Now substitute $\displaystyle \begin{align*} u = \sqrt{x} \implies \mathrm{d}u = \frac{1}{2\,\sqrt{x}} \, \mathrm{d}x \end{align*}$ and the integral becomes

$\displaystyle \begin{align*} \int{ \frac{ \left( \sqrt{x} \right) ^2 }{ \left( \sqrt{x} \right) ^2 - 4} \, \left( \frac{1}{2\,\sqrt{x} } \right) \, \mathrm{d}x } &= \int{ \frac{u^2}{u^2 - 4} \, \mathrm{d}u } \\ &= \int{ \frac{u^2 - 4 + 4}{u^2 - 4} \, \mathrm{d}u } \\ &= \int{ 1 + \frac{4}{u^2 - 4}\, \mathrm{d}u} \end{align*}$

I think you can go from here, you should use partial fractions.
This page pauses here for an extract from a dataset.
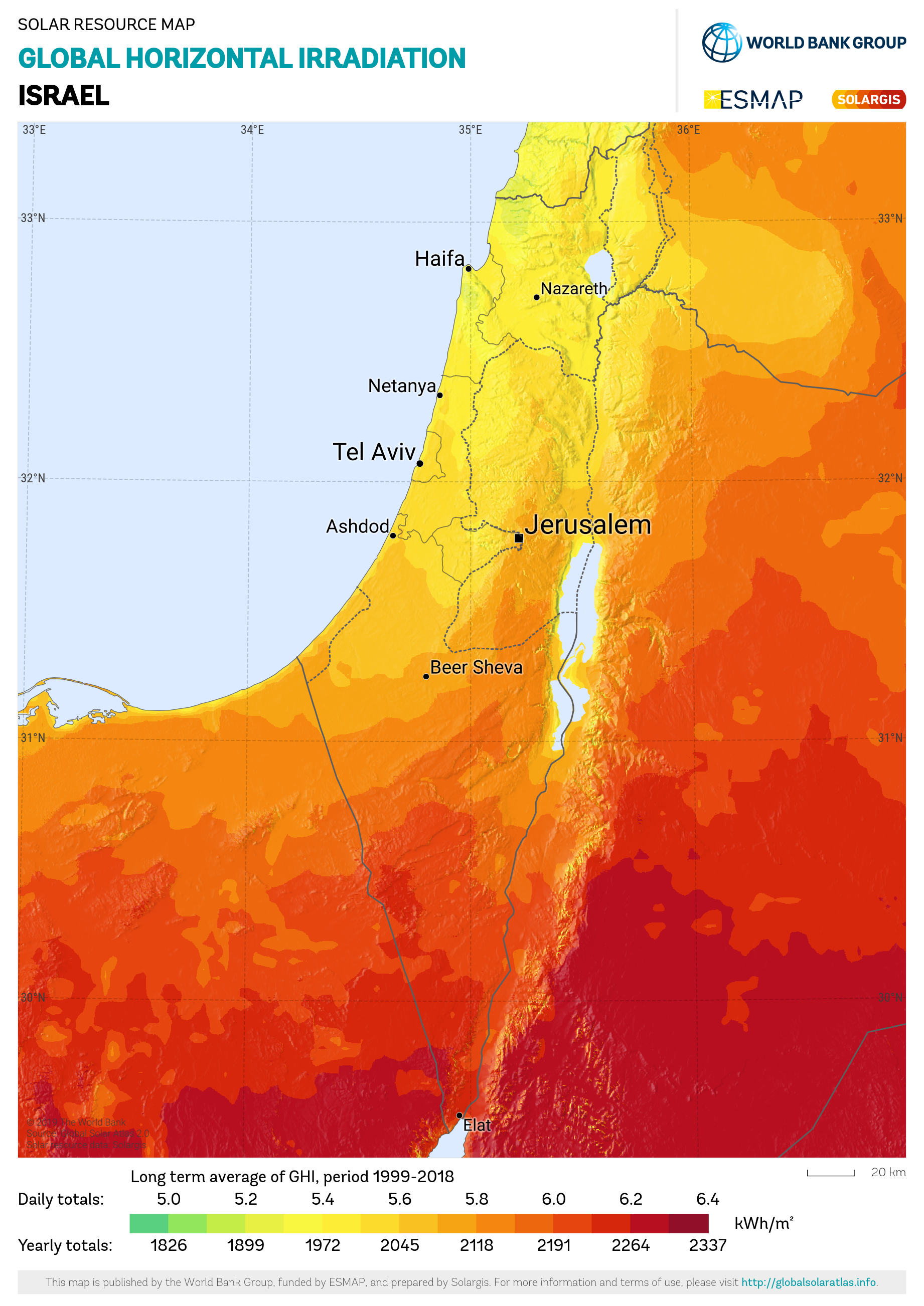 Global Horizontal Irradiation of Israel

Wow, I completely missed that simple substitution and it was right in front of me the entire time. Thanks a ton!

 

[ardentmed]

Can anyone confirm a and b as well?

Thanks again.

 

[MarkFL]

Can anyone confirm a and b as well?

Thanks again.

Have you tried differentiating your results to see if you get back to the original integrand?

 

[ardentmed]

Have you tried differentiating your results to see if you get back to the original integrand?

Yes, but a came out with an extra 1/4 in front of the expression.

 

[MarkFL]

well, let's look at 6a). we are given to evaluate:

$$I=\int\frac{x}{\sqrt{4-x^4}}\,dx$$

Let:

$$x^2=2\sin(\theta)\,\therefore\,x\,dx=\cos(\theta)\,d\theta$$

and we now have:

$$I=\frac{1}{2}\int\,d\theta=\frac{1}{2}\theta+C$$

Back-substitute for $\theta$:

$$I=\frac{1}{2}\sin^{-1}\left(\frac{x^2}{2}\right)+C$$

Do you see where you may have gone wrong?